Comparison of health-related quality of life in patients with rheumatoid arthritis during conventional or conventional plus biological therapy in Poland

The main purpose of this study was to compare the level of health-related quality of life (HRQoL) using Nottingham Health Profile (NHP) in Polish patients with rheumatoid arthritis (RA) during therapy applying disease-modifying antirheumatic drugs (DMARDs) with conventional synthetics (csDMARDs) or with csDMARDs in combination with biological drugs (bDMARDs).

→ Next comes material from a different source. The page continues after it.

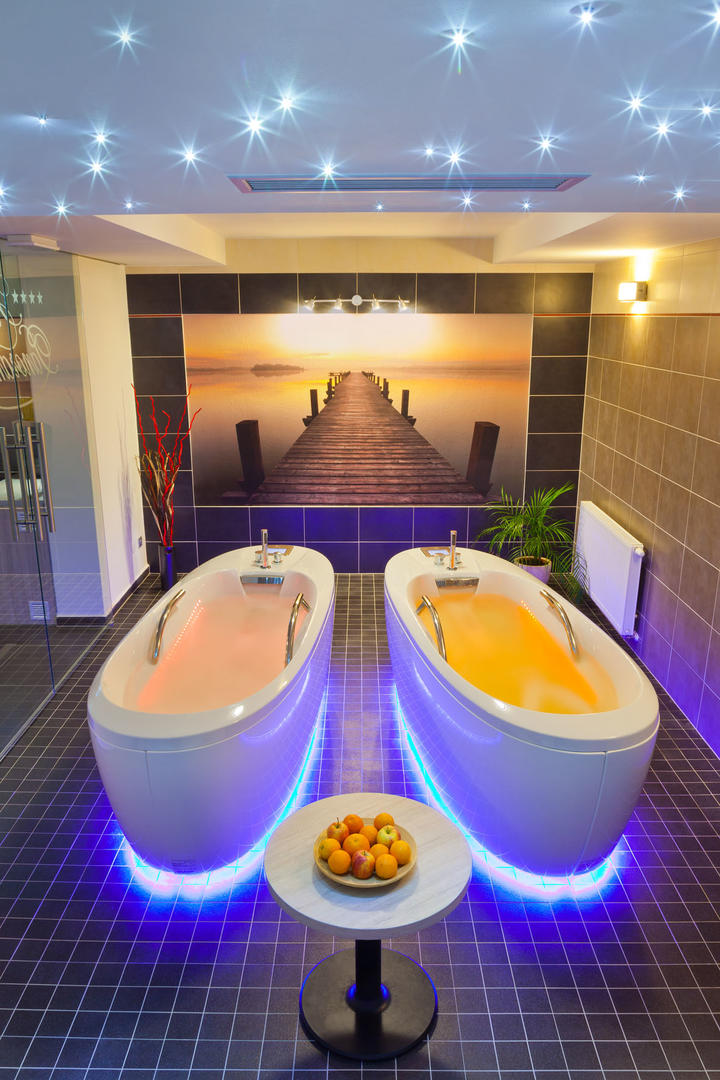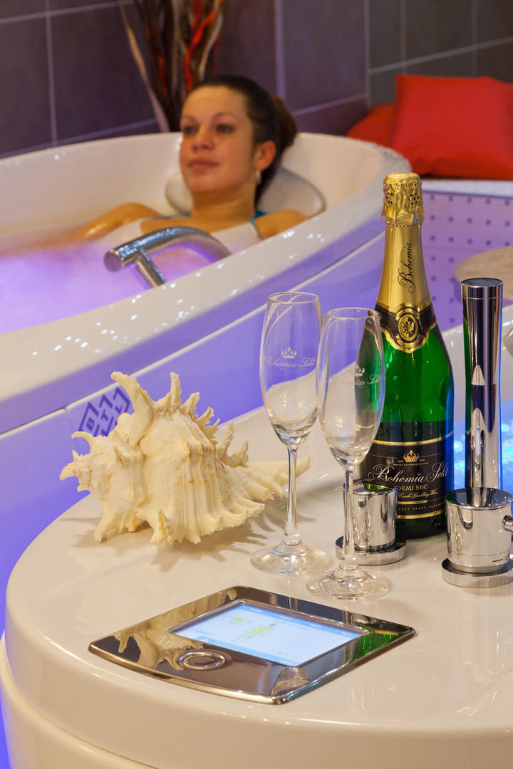 Zajímavostí Wellnessu je kromě jiného hvězdná obloha ze světýlek na stropě v relaxační části, kde si můžete vyzkoušet, jaká souhvězdí poznáte. K tomu si můžete pustit třeba i vaši vlastní hudbu, kterou si přinesete.

The second purpose was to analyze the correlation between the domain values of NHP and the demographic and clinical parameters, functional efficiency, and mood.

The studies involved 212 patients with RA, divided into two groups: group I – 126 persons treated using csDMARDs, group II – 86 patients using csDMARDs in combination with bDMARDs. A diagnostic survey was used applying NHP for HRQoL, Beck Depression Inventory (BDI), and Health Assessment Questionnaire (HAQ). The 28-Joint Disease Activity Score (DAS-28) was calculated.

The patients with RA in both studied groups did not differ significantly in terms of all the NHP domains, values of HAQ and BDI. The DAS-28 value, the number of swollen joints, and the duration of morning stiffness were significantly smaller among patients from group II. However, in both groups, the majority of the analyzed components of NHP demonstrated significant correlations with values of HAQ and BDI and some of the domains of NHP – with DAS-28.

The level of HRQoL, functional efficiency, and mood are comparable in patients treated conventionally and in combination with biological drugs. The HRQoL level shows correlation with the occurrence of depression symptoms, and the energy level, the sensation of pain, and physical abilities are covariates with daily activities. The intensity of the activity of RA as well as experiencing pain and the duration of morning stiffness is smaller among patients applying csDMARDs plus bDMARDs compared with patients treated only conventionally.